### INFORMATION SHOWN

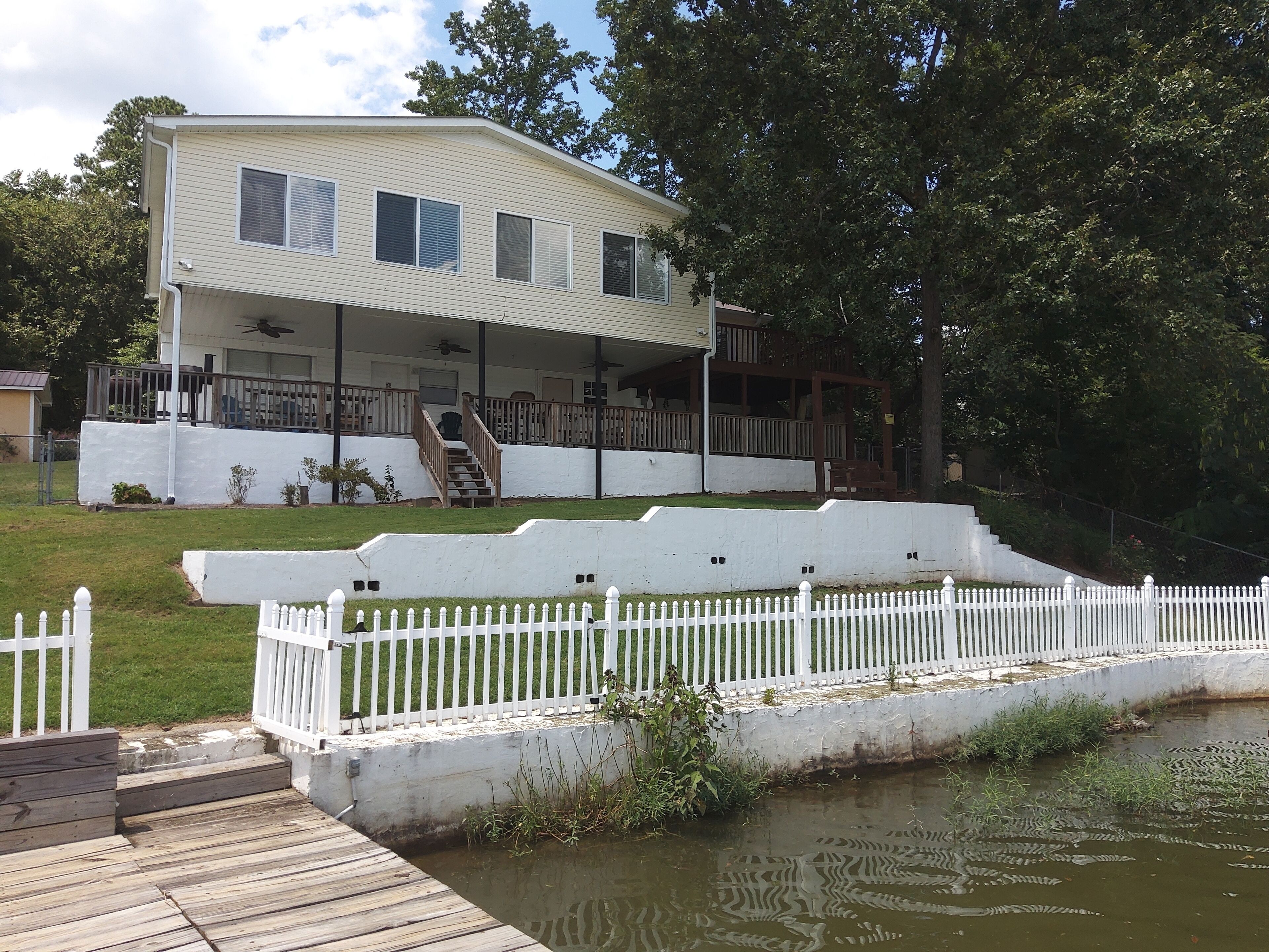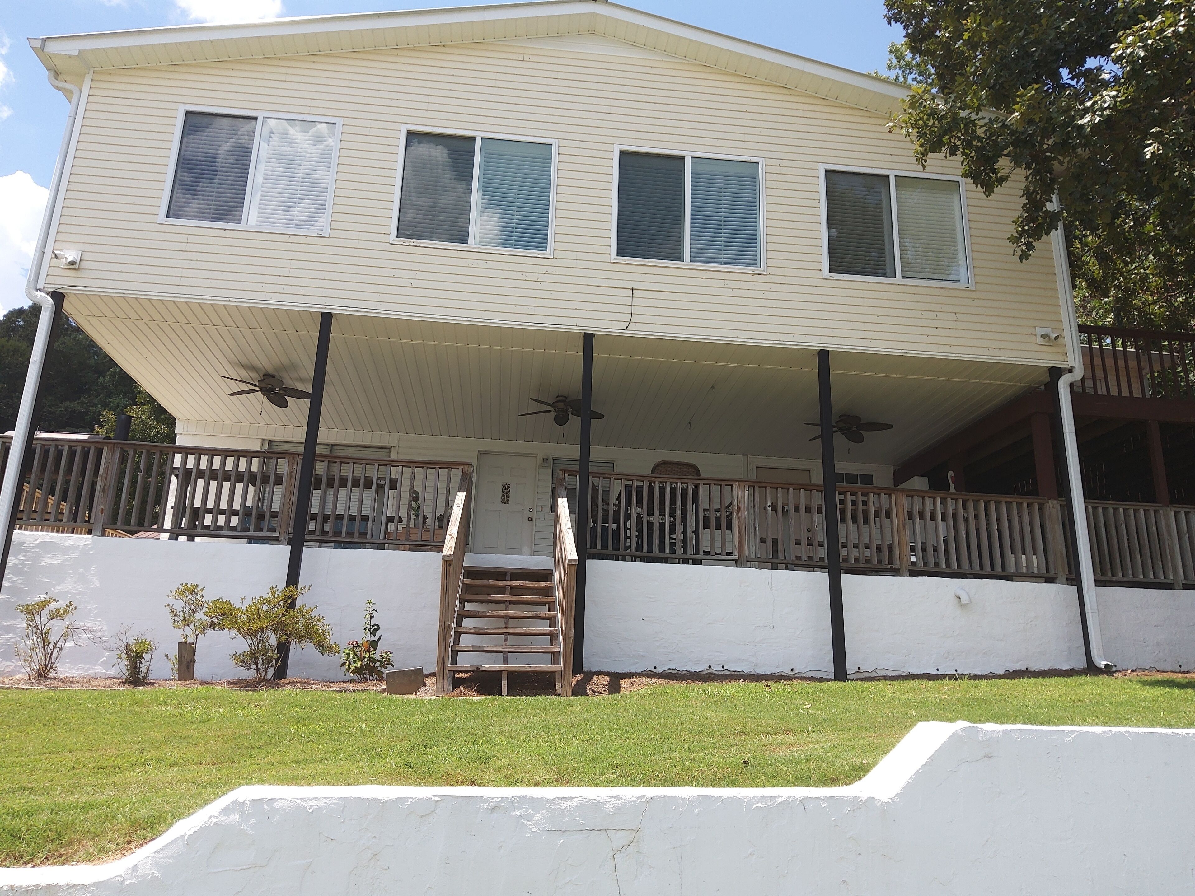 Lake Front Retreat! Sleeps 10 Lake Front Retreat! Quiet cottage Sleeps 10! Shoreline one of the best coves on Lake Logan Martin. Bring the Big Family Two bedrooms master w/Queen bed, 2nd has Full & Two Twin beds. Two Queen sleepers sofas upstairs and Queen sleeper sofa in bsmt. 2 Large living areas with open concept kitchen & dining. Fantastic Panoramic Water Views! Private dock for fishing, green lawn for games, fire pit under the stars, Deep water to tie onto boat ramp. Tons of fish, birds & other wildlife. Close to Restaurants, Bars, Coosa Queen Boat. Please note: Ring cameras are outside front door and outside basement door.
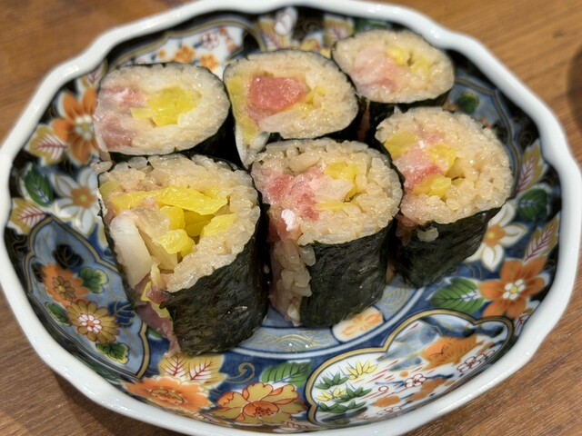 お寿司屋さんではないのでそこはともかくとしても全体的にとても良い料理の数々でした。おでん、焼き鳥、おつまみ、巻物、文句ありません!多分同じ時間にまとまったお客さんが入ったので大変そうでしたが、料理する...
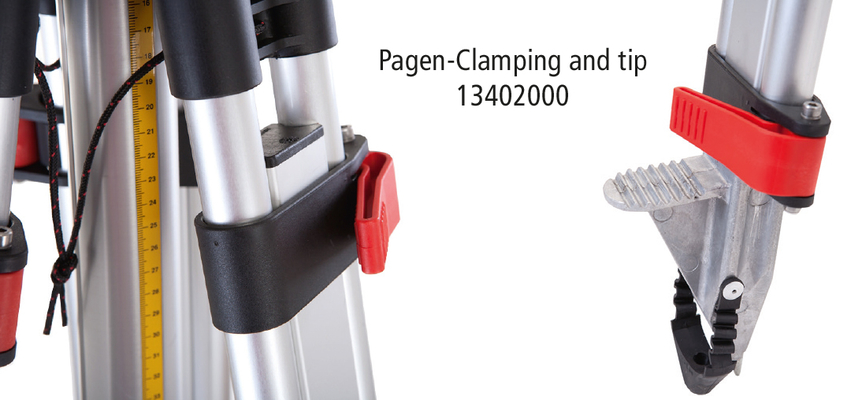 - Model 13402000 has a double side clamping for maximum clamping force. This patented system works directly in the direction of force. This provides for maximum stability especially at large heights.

* * *

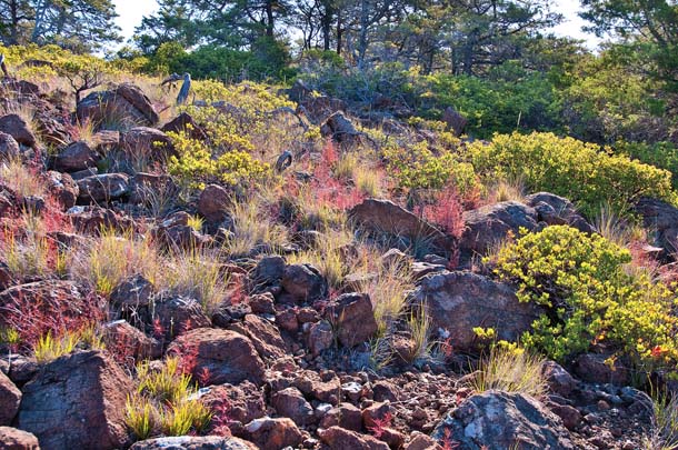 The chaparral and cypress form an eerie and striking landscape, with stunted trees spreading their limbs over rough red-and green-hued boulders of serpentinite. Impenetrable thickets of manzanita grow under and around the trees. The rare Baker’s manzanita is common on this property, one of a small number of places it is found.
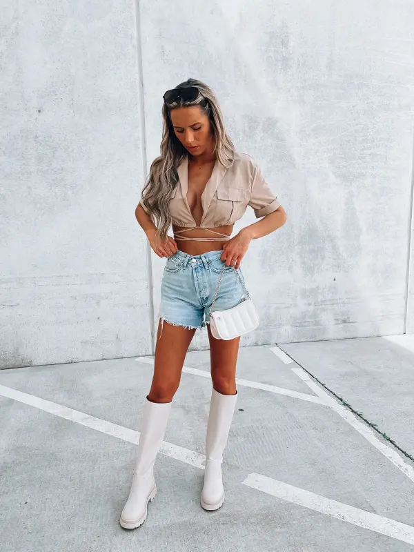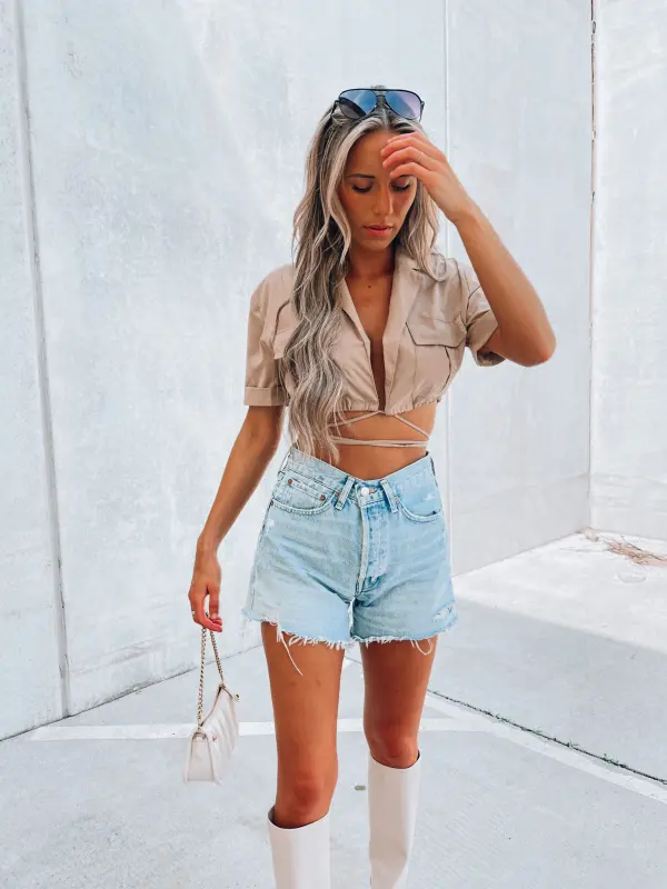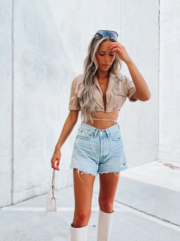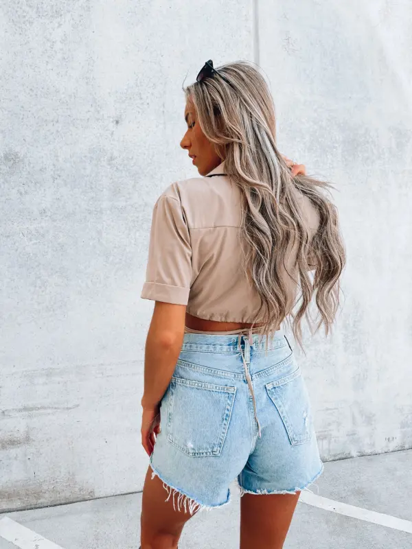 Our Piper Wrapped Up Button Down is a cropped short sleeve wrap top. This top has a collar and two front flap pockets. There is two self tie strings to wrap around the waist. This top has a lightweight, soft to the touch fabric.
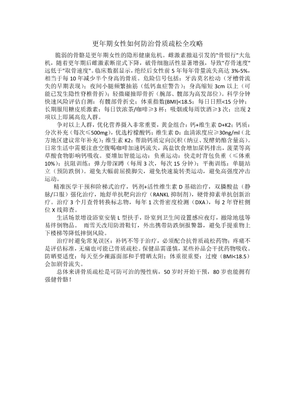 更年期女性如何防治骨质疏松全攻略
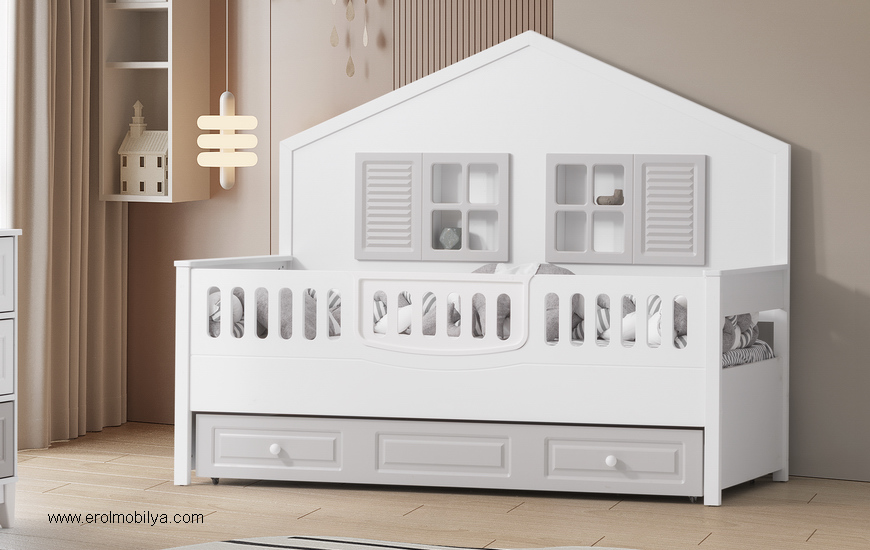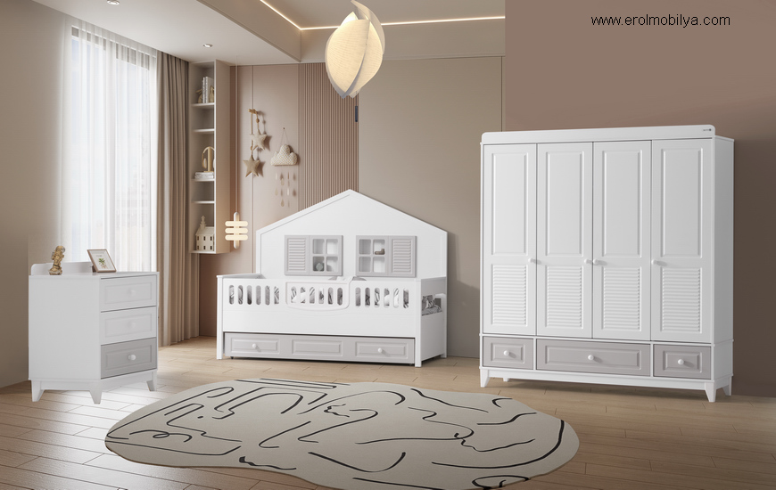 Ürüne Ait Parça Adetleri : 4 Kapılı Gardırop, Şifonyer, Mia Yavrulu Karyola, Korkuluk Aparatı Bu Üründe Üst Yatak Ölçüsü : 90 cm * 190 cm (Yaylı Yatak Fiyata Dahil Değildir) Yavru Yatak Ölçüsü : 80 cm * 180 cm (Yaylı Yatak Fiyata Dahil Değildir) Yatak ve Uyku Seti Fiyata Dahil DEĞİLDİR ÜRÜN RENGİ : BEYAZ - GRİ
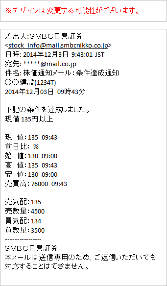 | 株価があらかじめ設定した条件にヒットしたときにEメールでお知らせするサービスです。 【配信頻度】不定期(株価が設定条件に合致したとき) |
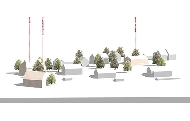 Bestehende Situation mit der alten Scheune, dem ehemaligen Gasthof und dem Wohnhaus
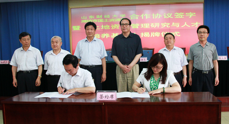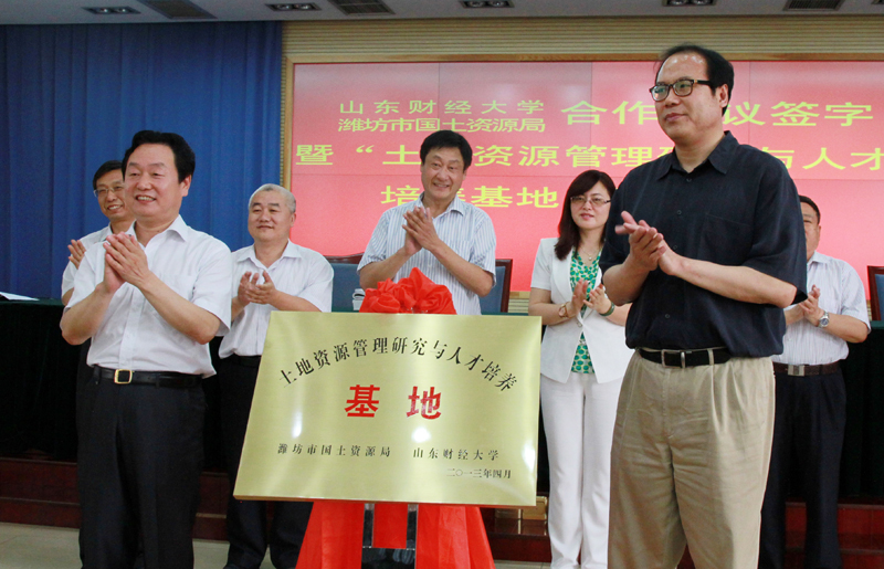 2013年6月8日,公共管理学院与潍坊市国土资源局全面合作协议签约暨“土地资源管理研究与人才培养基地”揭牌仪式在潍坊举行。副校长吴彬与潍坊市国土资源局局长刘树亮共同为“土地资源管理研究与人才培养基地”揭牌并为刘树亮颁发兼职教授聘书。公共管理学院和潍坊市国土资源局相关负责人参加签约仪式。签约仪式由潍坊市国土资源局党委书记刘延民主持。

--

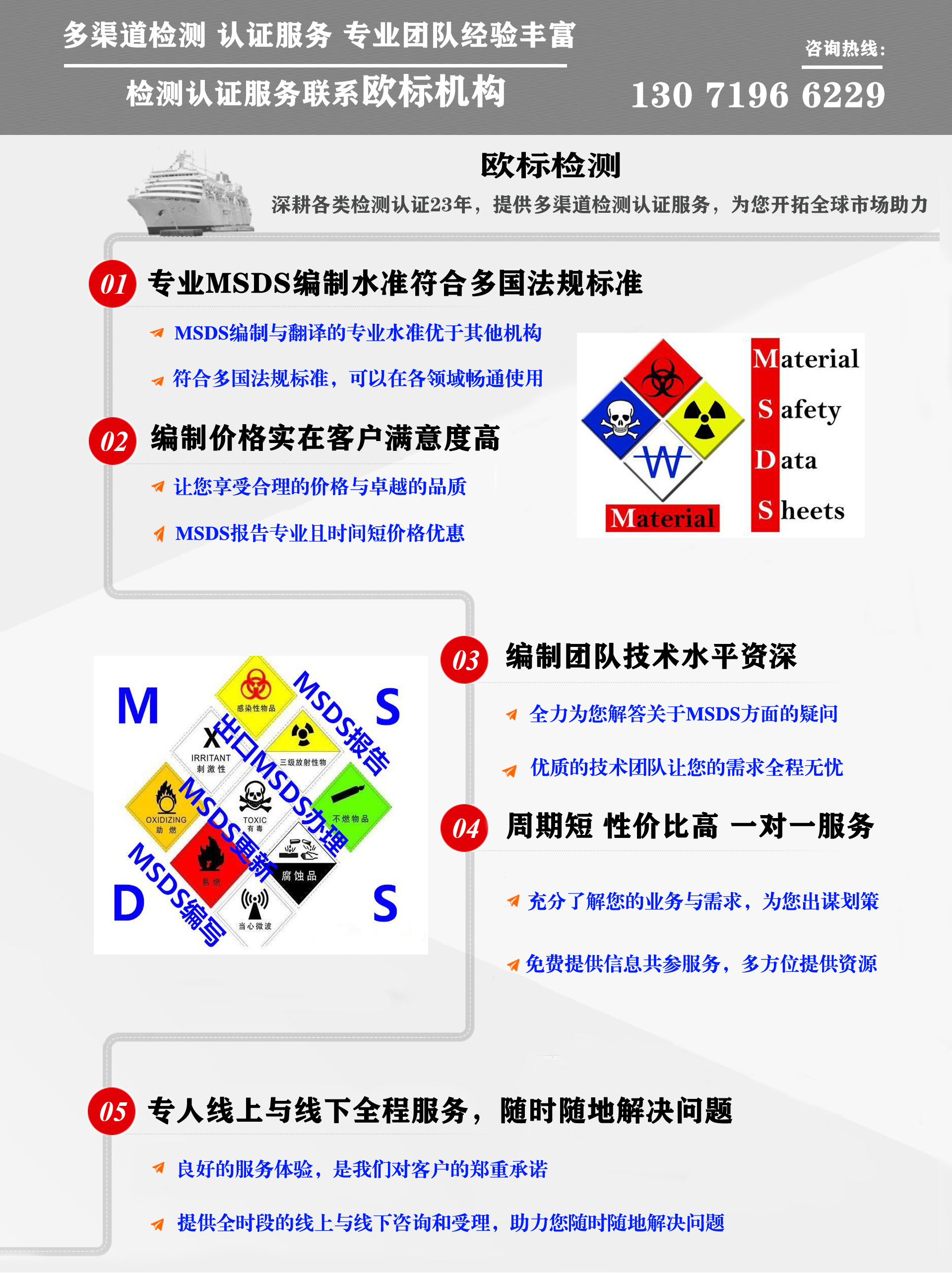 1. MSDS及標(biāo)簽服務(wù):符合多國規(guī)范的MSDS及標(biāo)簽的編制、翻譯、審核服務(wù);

### EXERCISE REQUIREMENTS
For this exercise, return exactly the lines above from the line with "Lake Front Retreat! Sleeps" through the line with "- Model 13402000", both included. Do not copy the pictures.

### RESULT OF THIS EXERCISE
 Lake Front Retreat! Sleeps 10 Lake Front Retreat! Quiet cottage Sleeps 10! Shoreline one of the best coves on Lake Logan Martin. Bring the Big Family Two bedrooms master w/Queen bed, 2nd has Full & Two Twin beds. Two Queen sleepers sofas upstairs and Queen sleeper sofa in bsmt. 2 Large living areas with open concept kitchen & dining. Fantastic Panoramic Water Views! Private dock for fishing, green lawn for games, fire pit under the stars, Deep water to tie onto boat ramp. Tons of fish, birds & other wildlife. Close to Restaurants, Bars, Coosa Queen Boat. Please note: Ring cameras are outside front door and outside basement door.
 お寿司屋さんではないのでそこはともかくとしても全体的にとても良い料理の数々でした。おでん、焼き鳥、おつまみ、巻物、文句ありません!多分同じ時間にまとまったお客さんが入ったので大変そうでしたが、料理する...
 - Model 13402000 has a double side clamping for maximum clamping force. This patented system works directly in the direction of force. This provides for maximum stability especially at large heights.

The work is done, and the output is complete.